Regular expressions are said to be greedy by default.

What does it mean?

Take this regex

/\$(.+)\s?/

It is supposed to extract a dollar amount from a string

/\$(.+)\s?/.exec('This costs $100')[1]
//100

but if we have more words after the number, it freaks off

/\$(.+)\s?/.exec('This costs $100 and it is less than $200')[1]
//100 and it is less than $200

Why? Because the regex after the $ sign matches any character with .+ , and it won’t stop until it reaches the end of the string. Then, it finishes off because \s? makes the ending space optional.

To fix this, we need to tell the regex to be lazy, and perform the least amount of matching possible. We can do so using the ? symbol after the quantifier:

/\$(.+?)\s/.exec('This costs $100 and it is less than $200')[1]
//100

I removed the ? after \s otherwise it matched only the first number, since the space was optional

So, ? means different things based on its position, because it can be both a quantifier and a lazy mode indicator.
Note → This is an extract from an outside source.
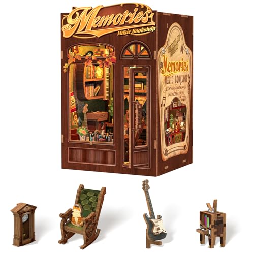CUTEBEE Book Nook Kit, DIY Maison de Poupée Miniature à Construire Adulte (Memories Music Bookshop) avec Lumières LED, Puzzle 3D en Bois, Cadeau pour Adultes/Amateurs de Bricolage

Lookaheads: match a string depending on what follows it

Use ?= to match a string that’s followed by a specific substring:

/Roger(?=Waters)/

/Roger(?= Waters)/.test('Roger is my dog') //false
/Roger(?= Waters)/.test('Roger is my dog and Roger Waters is a famous musician') //true

?! performs the inverse operation, matching if a string is not followed by a specific substring:

/Roger(?!Waters)/

/Roger(?! Waters)/.test('Roger is my dog') //true
/Roger(?! Waters)/.test('Roger Waters is a famous musician') //false

Lookbehinds: match a string depending on what precedes it

This is an ES2018 feature.

Lookaheads use the ?= symbol. Lookbehinds use ?<= .

/(?<=Roger) Waters/

/(?<=Roger) Waters/.test('Pink Waters is my dog') //false
/(?<=Roger) Waters/.test('Roger is my dog and Roger Waters is a famous musician') //true

A lookbehind is negated using ?<! :

/(?<!Roger) Waters/

/(?<!Roger) Waters/.test('Pink Waters is my dog') //true
/(?<!Roger) Waters/.test('Roger is my dog and Roger Waters is a famous musician') //false

Regular Expressions and Unicode

The u flag is mandatory when working with Unicode strings, in particular when you might need to handle characters in astral planes, the ones that are not included in the first 1600 Unicode characters.

Like Emojis, for example, but not just those.

If you don’t add that flag, this simple regex that should match one character will not work, because for JavaScript that emoji is represented internally by 2 characters:

/^.$/.test('a') //✅
/^.$/.test('🐶') //❌
/^.$/u.test('🐶') //✅

So, always use the u flag.

Unicode, just like normal characters, handle ranges:

/[a-z]/.test('a')  //✅
/[1-9]/.test('1')  //✅

/[🐶-🦊]/u.test('🐺')  //✅
/[🐶-🦊]/u.test('🐛')  //❌

JavaScript checks the internal code representation, so :dog: < :wolf: < :fox_face: because \u1F436 < \u1F43A < \u1F98A . Check the full Emoji list to get those codes, and to find out the order (tip: the macOS Emoji picker has some emojis in a mixed order, don’t count on it)

Unicode property escapes

As we saw above, in a regular expression pattern you can use \d to match any digit, \s to match any character that’s not a white space, \w to match any alphanumeric character, and so on.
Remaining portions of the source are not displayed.